4. Die wissenschaftliche Datenlage für den TAVI-Eingriff ist inzwischen so groß, dass die guten Ergebnisse, die bei den Risikogruppen erzielt werden, unzweifelhaft sind und das Verfahren insbesondere für die Risikopatienten internationale Anerkennung findet. Zahlenmäßig steht Deutschland weltweit bis dato an der Spitze der TAVI-Eingriffe. Die Ergebnisse aller in Deutschland durchgeführten TAVI-Eingriffe werden in der Bundesweiten Qualitätssicherung (früher BQS jetzt SQG = Sektorenübergreifende Qualität im Gesundheitswesen) seit 2008 vollständig erfasst. Die Teilnahme ist Pflicht für alle Krankenhäuser und die Sterblichkeitsdaten werden automatisch mit dem §21 KHEntgG Datensatz abgeglichen, den jedes Krankenhaus als Abrechnungs-Datensatz abgeben muss. Die Jahresberichte der SQG werden vom Gemeinsamen Bundesausschuss G-BA herausgegeben und sind unter www.sqg.de öffentlich zugänglich.

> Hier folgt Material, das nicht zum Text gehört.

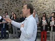 Franz Fink in rehearsal of Immortal Bach by Nystedt for five four-part choirs, 24 April 2012

Bedingung für den Patienteneinschluss in das deutsche Aortenklappenregister (GARY) hingegen ist die freiwillige Teilnahme der Klinik und das individuelle Einverständnis der Patienten, es werden darin neben der TAVI auch Patienten mit konventionell operativem Aortenklappenersatz eingepflegt. Da die Teilnahme am GARY freiwillig ist, umfasst das Register auch nicht alle Patienten mit TAVI oder chriurgisch-operativem Aortenklappenersatz. In 2011 waren nur 37% der in der bundesweiten Qualitätssicherung erfassten TAVI-Fälle auch in GARY eingeschlossen.
Mit zunehmender Expertise der Anwender und im Zuge der Fortentwicklung der TAVI-Technik sank im Verlauf auch die Komplikationsrate deutlich, so dass das Verfahren inzwischen auch bei solchen Patienten mit hochgradiger Aortenklappenstenose Anwendung findet, die grundsätzlich auch für eine konventionelle herzchirurgische Operation am offenen Herzen infrage kommen. Ganz überwiegend finden sich in dieser Gruppe solche Patienten, die aufgrund ihrer Vorinformationen durch Medien und Ärzte an der Entscheidungsfindung für das Therapieverfahren mitbeteiligt werden wollen und müssen und sich gegen eine konventionelle Operation, somit gegen eine Eröffnung ihres Brustkorbes entscheiden. Im Hinblick auf die Datenlage und den Rückgang der Komplikationsrate beim TAVI-Verfahren ist dieser Patientenwunsch in vielen Fällen nachvollziehbar. Diese Situation wird in allen deutschen Herzzentren, die diese Methode anwenden, in gleicher Weise gehandhabt.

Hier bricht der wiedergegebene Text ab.